Esta cinta (la primera del director Ricardo Velarde) es peculiar no por gracia de su condición de thriller, sino a pesar de ello. En ella, los lineamientos que requiere el género no son camisa de fuerza y, por el contrario, se convierten en punto de partida para el entrelazamiento con otras filias narrativas, como las del gore e incluso del cine de aventuras.
Para la puesta en marcha de tal emprendimiento, el cineasta diseña personajes atractivos (perdedores y exiliados, separados de sus entornos por capricho del porvenir, o por simple mala suerte) y escoge bien a sus actores, a quienes coloca en medio de un páramo sombrío y quieto, amurallado por cerros y sombras.

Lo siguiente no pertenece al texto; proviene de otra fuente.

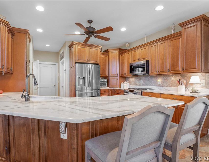 If it weren’t for work, the current family wouldn’t leave this home! From the curb appeal to the custom stone fireplace out back, this home is stunning. This Clement Construction home doesn't miss a beat. The arched mahogany double door is just the beginning. Custom tri-ceilings & arched doorways compliment the formal dining room. Find stainless steel appliances, granite countertops, center island with seating, planning desk, & custom cabinetry w/rope moldings & soft-close drawers in the kitchen. The oversized 3 car garage & large laundry/ mud rm are found off the kitchen. The primary bedroom has a bay window, an en suite, & walk-in closet with custom organizers. Take the elegant staircase up to FOUR additional bedrooms, an enormous rec/bonus room & 2 more full bathrooms, all with 9ft ceilings. You’re not done yet! The basement... 9' ceilings with recessed lighting, gas fireplace, full wet-bar with kegerator & colored LED lights, theatre rm, living rm, & full bath. Enjoy an outdoor fire in luxury! Video Tour: https://vimeo.com/808042894
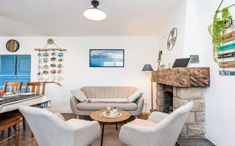 Durante le vacanze, soggiornerai in una confortevole e arredata con gusto casa di 4 stanze che si estende su 65 metri quadrati su due livelli. Il grande soggiorno/sala da pranzo presenta un camino a vista (solo per scopi decorativi) e una TV a schermo piatto. Da questa stanza puoi accedere direttamente alla terrazza. La cucina open space è ben attrezzata con un forno, una lavastoviglie, tre piastre a induzione, un tostapane, un bollitore, un forno a microonde, un congelatore e una macchina elettrica per il caffè con capsule Dolce Gusto fornite. La cucina ha anche un'uscita separata che conduce alla terrazza. A questo livello, c'è una stanza doccia, un bagno separato e un doppio lavandino. La casa è dotata di riscaldamento elettrico.
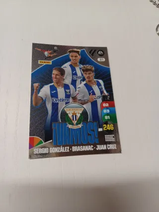 Coleccionable de fútbol de Panini. - Cromo número 371 de EA Sports. - Incluye a Sergio González, Brasanac y Juan Cruz. - Diseño con escudo del Club Deportivo Leganés.
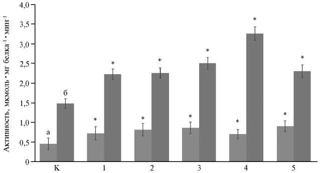 Рис. 3. Активность аскорбатпероксидазы (а) и каталазы (б) в здоровых (К) и инфицированных GLRaV-3 (1-5) листьях винограда ( Vitis vinifera L.) сорта Кара Шаны ( n = 3, M ±SD, Шама-хинский регион, период вегетации, 2023 год) . Инфицированные варианты отобраны на основании полуквантитативной оценки вирусной нагрузки методом DAS-ELISA (E 405 ): 1-2 — низкий уровень, 3 — средний, 4-5 — высокий.

Sin duda, el relato gana potencia gracias al recorrido visual que se hace de los decorados: las montañas que se erigen como monolitos macabros, la podredumbre reinante de la morgue y la estrechez claustrofóbica de los callejones del pueblo integran en la cinta una atmósfera sobrecogedora e intrigante.

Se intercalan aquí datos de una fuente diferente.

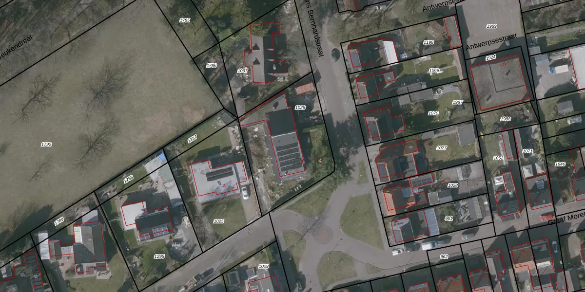 Prins Bernhardstraat 1 is gelegen op kadastraal perceel PTE00C1026. Deze kadastrale aanduiding is uniek en wordt gebruikt door het Kadaster om eigendomsrechten en andere zakelijke rechten vast te leggen. Het perceel maakt onderdeel uit van de kadastrale gemeente Putte.
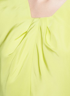 Adopting a season-neutral silhouette for easy pairing, this top from Oscar de la Renta crops up sophisticated charm with structural appeal. Cut with a narrow squared neckline that is emphasised by a centre pleat, this silk twill piece is made in Italy and stands out in a vibrant chartreuse hue.
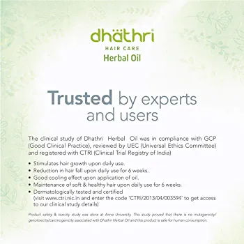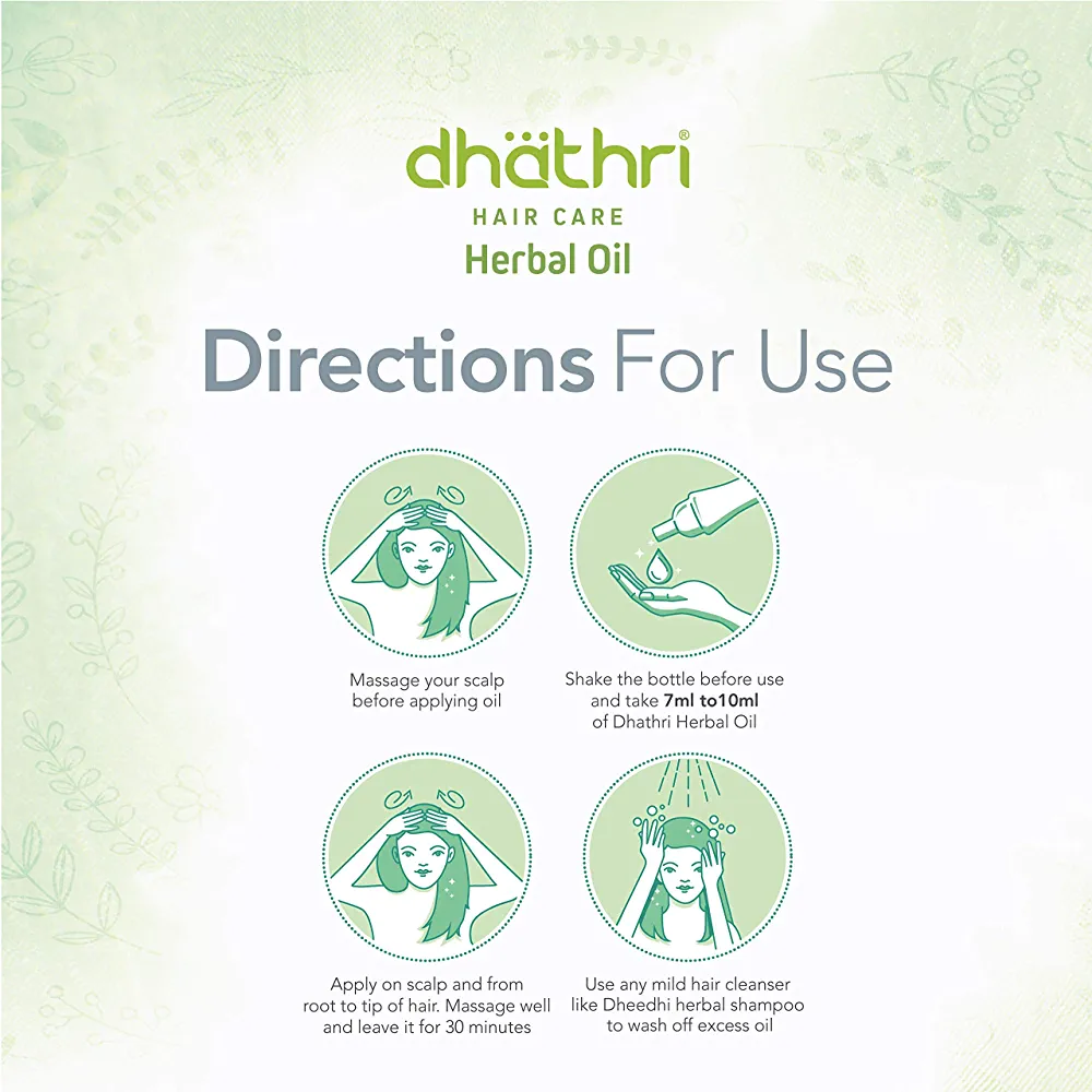 The unique formula of Dhathri Hair Care Herbal Oil helps to prevent hair fall, dandruff, and other scalp problems, while promoting healthy hair growth. Regular use of this oil can help to improve the texture and shine of your hair, making it look and feel healthier and more beautiful.
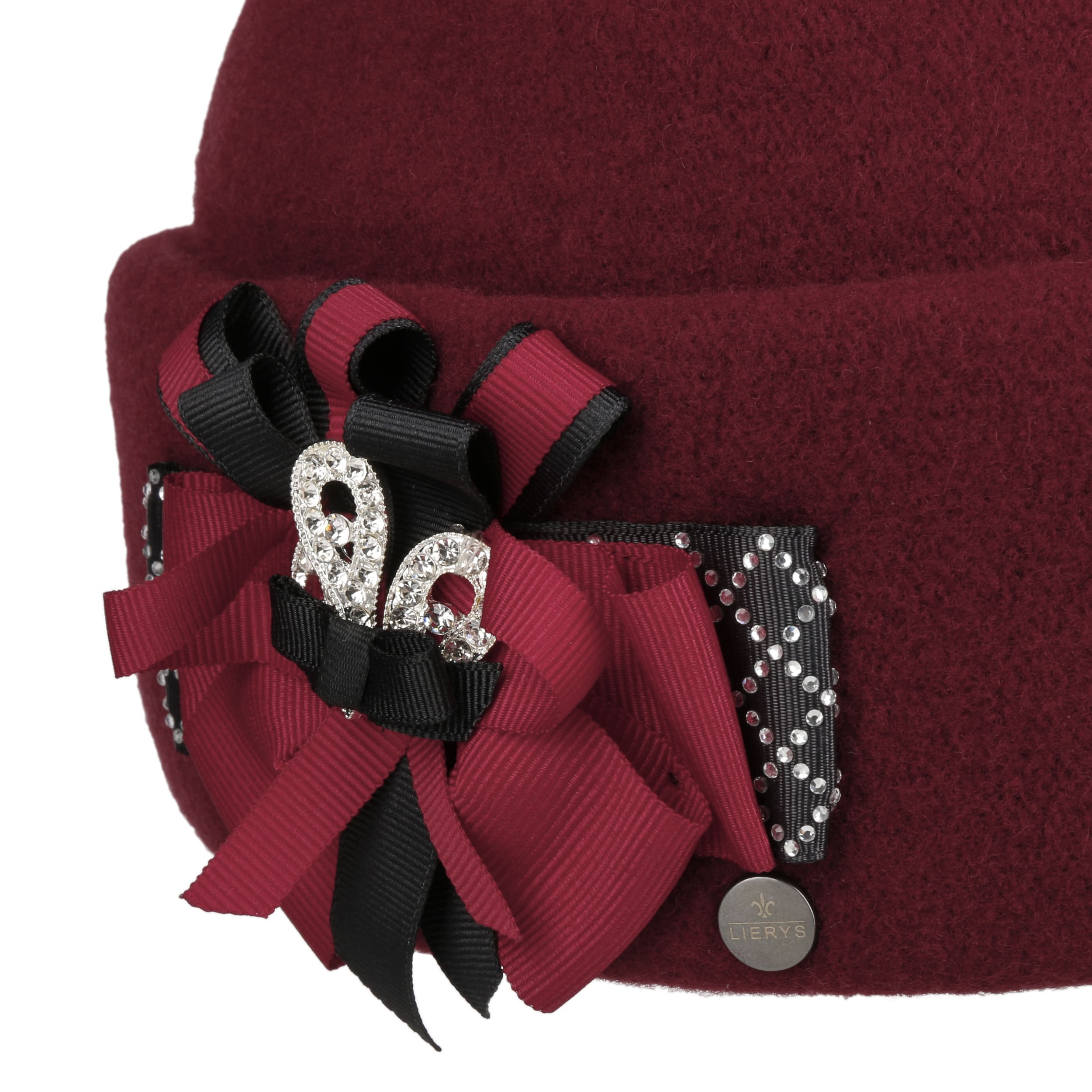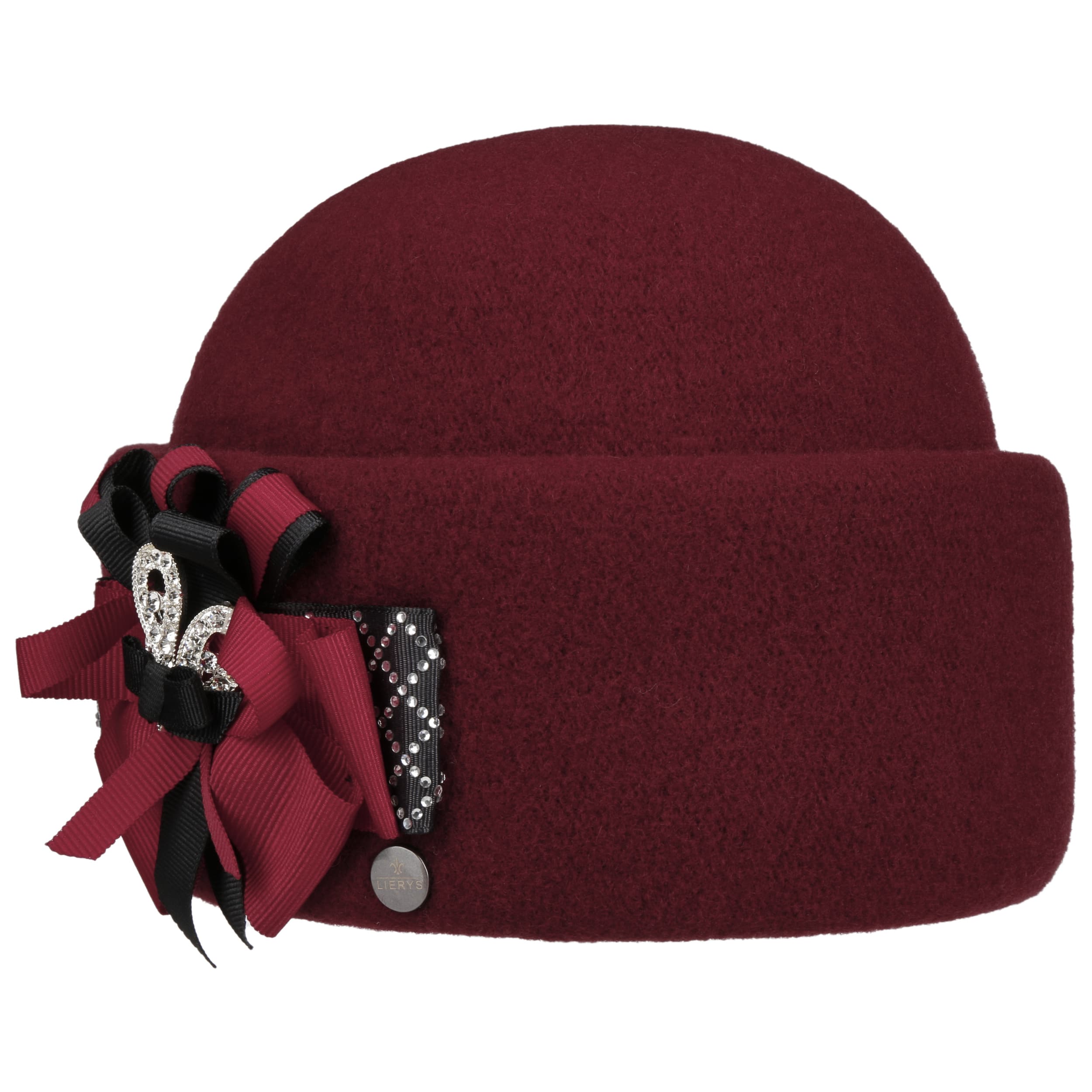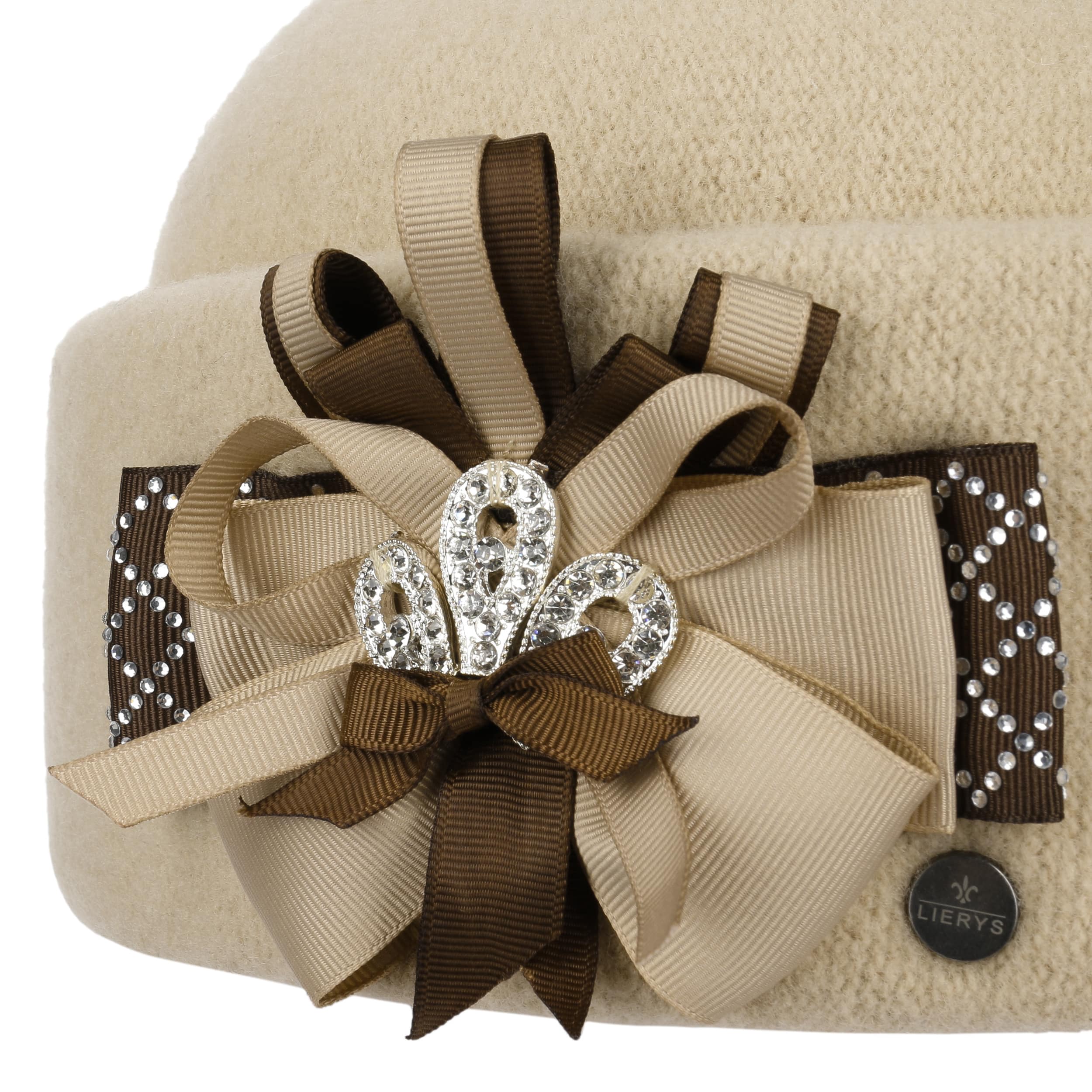This unusual wool hat from Lierys comes in the style of the 1920s. It is made from 100% warming wool and has a stretch lining band on the inside. A wide turn-up defines the feminine silhouette. The elaborate decoration of the handmade hat forms a lush bow consisting of several ribbons in different colours. Small shimmering gemstones add a touch of glamour.

Se suma al clima de extrañeza la incorporación súbita de elementos ajenos a la naturaleza de la ficción. Las vísceras expuestas, los villanos pintorescos, el coqueteo con lo grotesco, lo místico y lo sobrenatural hacen del conjunto un pastiche que remite a aquella serie B que suele ser el bocado preferido de los aficionados al horror más truculento y obsceno.
Lamentablemente, el realizador ensucia el conjunto con cuadros expositivos, donde los protagonistas se ven obligados a poner sus cartas sobre la mesa, haciendo evidentes los rasgos distintivos que dotan de color a sus personajes en la ficción. Esto no sólo frena el suspenso, sino que entumece el ritmo del relato y quiebra el clima de angustia, cambiándolo por un sentimentalismo forzado e incómodo. No se trata de momentos aislados, y eso disminuye el impacto total del thriller.
Sin embargo, es bienvenido un último elemento que se suma a la anécdota, y que enriquece la mezcla de géneros. Una vuelta de tuerca en la historia la emparenta con “El tesoro de Sierra Madre” de John Huston, aquella formidable cinta de aventuras, que ponía en escena el límite de la voluntad humana en el comienzo de la avaricia y el hambre por la posesión de riquezas. Uno de los personajes (no revelaré cuál) irá mutando poco a poco hacia una suerte de Fredd Dobbs, aquel reacio y amoral megalómano que interpretara el legendario Humphrey Bogart.
Aquel detalle y el manejo de la conclusión del nudo narrativo (que no vacila y por el contrario se atreve a rizar más el rizo), dotan a la cinta de cierta frescura y gozo siniestro. “La luz en el cerro” tiene gusto por la sangre y las tripas, y posee también el descaro para vaciarlas en la pantalla.